EDORA, N.D. -- While the rest of the world was preoccupied with leaking oil wells, drunken celebrities and feuding politicians, we'd been following the Old Red Trail across those wide-open spaces of my childhood, known as North Dakota, a trail early explorers had marked with an occasional smear of red paint, guiding trappers and traders seeking the Promise Land.
For us, this was a nostalgic step back. We were looking down the same lonely pathway that had guided my grandfather and other settlers more than a century ago as they moved west into the Indian territories and gold fields. It was this trail that the military had followed earlier, establishing fortified relay stations approximately every 30 miles, or about a day's travel by horse. Along the way, the Native Americans, resenting the taking of their lands, began to object. The military's arrival marked the beginning of the Sioux Wars with the July 1864 killing of several hundred Native Americans and the destroying of their homes and winter supplies at a lonely place known as Killdeer Mountain.

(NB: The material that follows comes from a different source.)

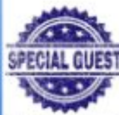
CLUB VISITATION REPORT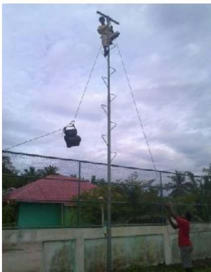
Sh.Kanditheem: Lighting of sports area

Location: Kanditheem Project Title: Lighting of sports area Funding Amount: USD 1,337.70 Project Summary: Youth of the island submitted the proposal as there is no area for the players to conduct practice sessions during the night. Solving this will help the youth in improving their skills in sports and make better use of the free time. This also brings together youth of the community. Project Status: Items were delivered and work started on 1 st July. A total of 40 youths volunteered to finish the project. They worked in the evening daily after office hours. Testing was done on 1 st August and sports area was opened on 2 nd August 2011.

Standing high atop a rainbow-tinted ridge, we found ourselves in a mysterious elsewhere, looking over an ethereal world in which wild, unforgiving land filled with steep mountains and impassible ravines stretched beyond the horizon. This remains hard, brutal country, the land of prairie dog and antelope, the final refuges of the American bison. It is an inhospitable land where winter temperatures plummet to 50 degrees below, with unbroken wind screaming out of the Arctic. The dry lands receive less than 12 inches of rain a year, and summer days often sizzle well past 100 dry degrees.